[Stored items from a collection]

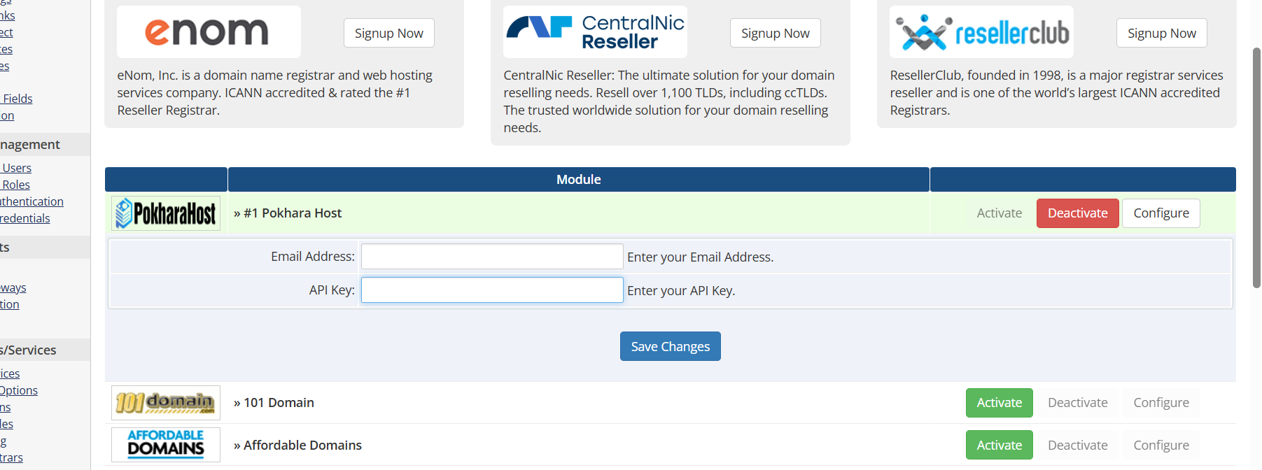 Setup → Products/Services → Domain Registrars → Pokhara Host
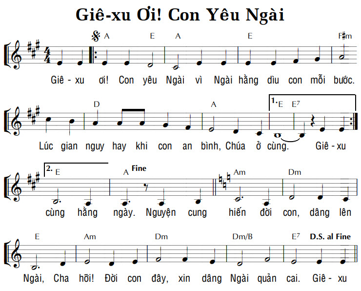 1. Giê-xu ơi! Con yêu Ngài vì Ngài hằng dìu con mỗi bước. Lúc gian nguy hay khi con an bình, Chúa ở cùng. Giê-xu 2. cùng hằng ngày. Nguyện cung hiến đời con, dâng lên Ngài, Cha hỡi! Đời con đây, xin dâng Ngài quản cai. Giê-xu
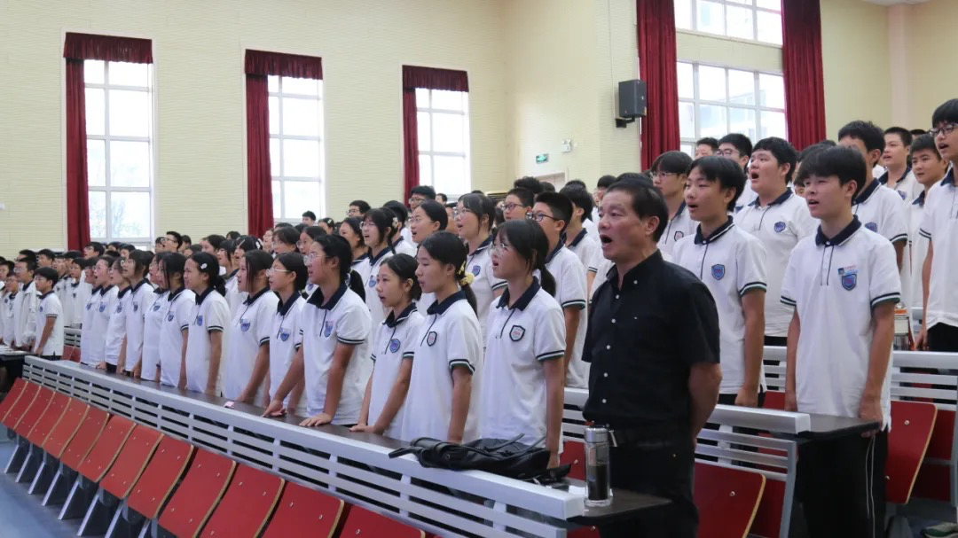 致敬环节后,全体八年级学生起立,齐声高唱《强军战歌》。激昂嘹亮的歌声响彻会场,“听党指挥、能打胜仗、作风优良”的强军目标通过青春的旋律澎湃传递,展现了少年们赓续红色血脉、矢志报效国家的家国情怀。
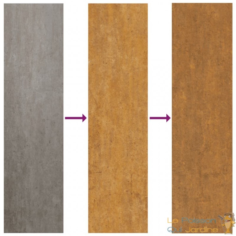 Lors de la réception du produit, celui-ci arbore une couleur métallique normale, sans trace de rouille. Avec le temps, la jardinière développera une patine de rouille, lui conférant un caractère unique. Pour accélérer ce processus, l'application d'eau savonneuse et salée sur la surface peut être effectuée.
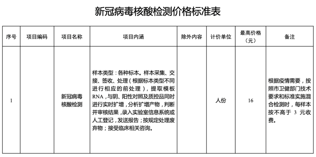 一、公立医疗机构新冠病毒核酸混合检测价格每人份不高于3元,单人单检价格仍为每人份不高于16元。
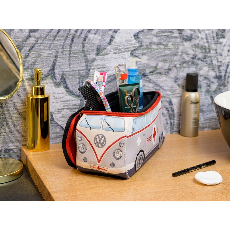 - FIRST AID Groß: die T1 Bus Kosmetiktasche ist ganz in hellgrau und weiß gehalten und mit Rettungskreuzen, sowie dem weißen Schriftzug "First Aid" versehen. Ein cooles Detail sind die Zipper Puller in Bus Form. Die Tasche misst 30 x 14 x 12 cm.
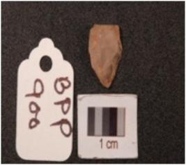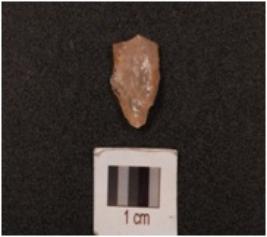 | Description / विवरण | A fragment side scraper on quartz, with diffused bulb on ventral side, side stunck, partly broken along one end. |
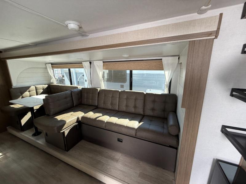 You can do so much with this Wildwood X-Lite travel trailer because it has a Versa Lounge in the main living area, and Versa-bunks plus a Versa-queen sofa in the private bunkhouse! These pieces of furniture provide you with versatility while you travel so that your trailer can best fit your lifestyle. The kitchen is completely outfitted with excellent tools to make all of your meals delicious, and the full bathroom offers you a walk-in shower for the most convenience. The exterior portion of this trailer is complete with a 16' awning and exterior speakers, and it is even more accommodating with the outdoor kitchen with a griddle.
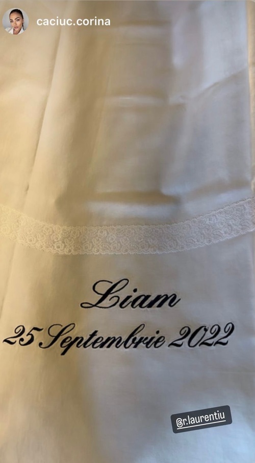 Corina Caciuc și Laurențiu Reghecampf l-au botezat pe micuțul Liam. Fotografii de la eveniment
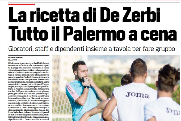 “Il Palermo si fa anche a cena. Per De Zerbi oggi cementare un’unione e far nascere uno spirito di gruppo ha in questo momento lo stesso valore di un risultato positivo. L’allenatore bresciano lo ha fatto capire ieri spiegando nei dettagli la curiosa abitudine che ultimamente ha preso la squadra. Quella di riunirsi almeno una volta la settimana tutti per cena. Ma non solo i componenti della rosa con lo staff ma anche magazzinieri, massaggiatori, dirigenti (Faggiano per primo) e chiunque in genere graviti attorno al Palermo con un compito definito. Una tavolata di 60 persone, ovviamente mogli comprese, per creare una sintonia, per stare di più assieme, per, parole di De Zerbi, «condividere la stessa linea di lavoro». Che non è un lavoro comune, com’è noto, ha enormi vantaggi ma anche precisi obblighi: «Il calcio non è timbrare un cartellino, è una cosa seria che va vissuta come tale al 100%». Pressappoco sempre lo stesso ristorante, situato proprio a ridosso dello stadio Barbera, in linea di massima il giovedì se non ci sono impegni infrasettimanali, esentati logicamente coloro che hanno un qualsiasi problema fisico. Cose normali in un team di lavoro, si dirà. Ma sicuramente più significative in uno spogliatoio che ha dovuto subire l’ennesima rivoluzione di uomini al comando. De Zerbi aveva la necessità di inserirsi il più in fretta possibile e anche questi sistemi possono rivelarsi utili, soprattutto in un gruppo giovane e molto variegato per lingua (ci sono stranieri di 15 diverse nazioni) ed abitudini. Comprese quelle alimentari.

→ DIRECTIONS
Give back all the records as they stand, but with no pictures in the copy.

→ OUTPUT FOR THIS EXERCISE
 Setup → Products/Services → Domain Registrars → Pokhara Host
 1. Giê-xu ơi! Con yêu Ngài vì Ngài hằng dìu con mỗi bước. Lúc gian nguy hay khi con an bình, Chúa ở cùng. Giê-xu 2. cùng hằng ngày. Nguyện cung hiến đời con, dâng lên Ngài, Cha hỡi! Đời con đây, xin dâng Ngài quản cai. Giê-xu
 致敬环节后,全体八年级学生起立,齐声高唱《强军战歌》。激昂嘹亮的歌声响彻会场,“听党指挥、能打胜仗、作风优良”的强军目标通过青春的旋律澎湃传递,展现了少年们赓续红色血脉、矢志报效国家的家国情怀。
 Lors de la réception du produit, celui-ci arbore une couleur métallique normale, sans trace de rouille. Avec le temps, la jardinière développera une patine de rouille, lui conférant un caractère unique. Pour accélérer ce processus, l'application d'eau savonneuse et salée sur la surface peut être effectuée.
 一、公立医疗机构新冠病毒核酸混合检测价格每人份不高于3元,单人单检价格仍为每人份不高于16元。
 - FIRST AID Groß: die T1 Bus Kosmetiktasche ist ganz in hellgrau und weiß gehalten und mit Rettungskreuzen, sowie dem weißen Schriftzug "First Aid" versehen. Ein cooles Detail sind die Zipper Puller in Bus Form. Die Tasche misst 30 x 14 x 12 cm.
 | Description / विवरण | A fragment side scraper on quartz, with diffused bulb on ventral side, side stunck, partly broken along one end. |
 You can do so much with this Wildwood X-Lite travel trailer because it has a Versa Lounge in the main living area, and Versa-bunks plus a Versa-queen sofa in the private bunkhouse! These pieces of furniture provide you with versatility while you travel so that your trailer can best fit your lifestyle. The kitchen is completely outfitted with excellent tools to make all of your meals delicious, and the full bathroom offers you a walk-in shower for the most convenience. The exterior portion of this trailer is complete with a 16' awning and exterior speakers, and it is even more accommodating with the outdoor kitchen with a griddle.
 Corina Caciuc și Laurențiu Reghecampf l-au botezat pe micuțul Liam. Fotografii de la eveniment
 “Il Palermo si fa anche a cena. Per De Zerbi oggi cementare un’unione e far nascere uno spirito di gruppo ha in questo momento lo stesso valore di un risultato positivo. L’allenatore bresciano lo ha fatto capire ieri spiegando nei dettagli la curiosa abitudine che ultimamente ha preso la squadra. Quella di riunirsi almeno una volta la settimana tutti per cena. Ma non solo i componenti della rosa con lo staff ma anche magazzinieri, massaggiatori, dirigenti (Faggiano per primo) e chiunque in genere graviti attorno al Palermo con un compito definito. Una tavolata di 60 persone, ovviamente mogli comprese, per creare una sintonia, per stare di più assieme, per, parole di De Zerbi, «condividere la stessa linea di lavoro». Che non è un lavoro comune, com’è noto, ha enormi vantaggi ma anche precisi obblighi: «Il calcio non è timbrare un cartellino, è una cosa seria che va vissuta come tale al 100%». Pressappoco sempre lo stesso ristorante, situato proprio a ridosso dello stadio Barbera, in linea di massima il giovedì se non ci sono impegni infrasettimanali, esentati logicamente coloro che hanno un qualsiasi problema fisico. Cose normali in un team di lavoro, si dirà. Ma sicuramente più significative in uno spogliatoio che ha dovuto subire l’ennesima rivoluzione di uomini al comando. De Zerbi aveva la necessità di inserirsi il più in fretta possibile e anche questi sistemi possono rivelarsi utili, soprattutto in un gruppo giovane e molto variegato per lingua (ci sono stranieri di 15 diverse nazioni) ed abitudini. Comprese quelle alimentari.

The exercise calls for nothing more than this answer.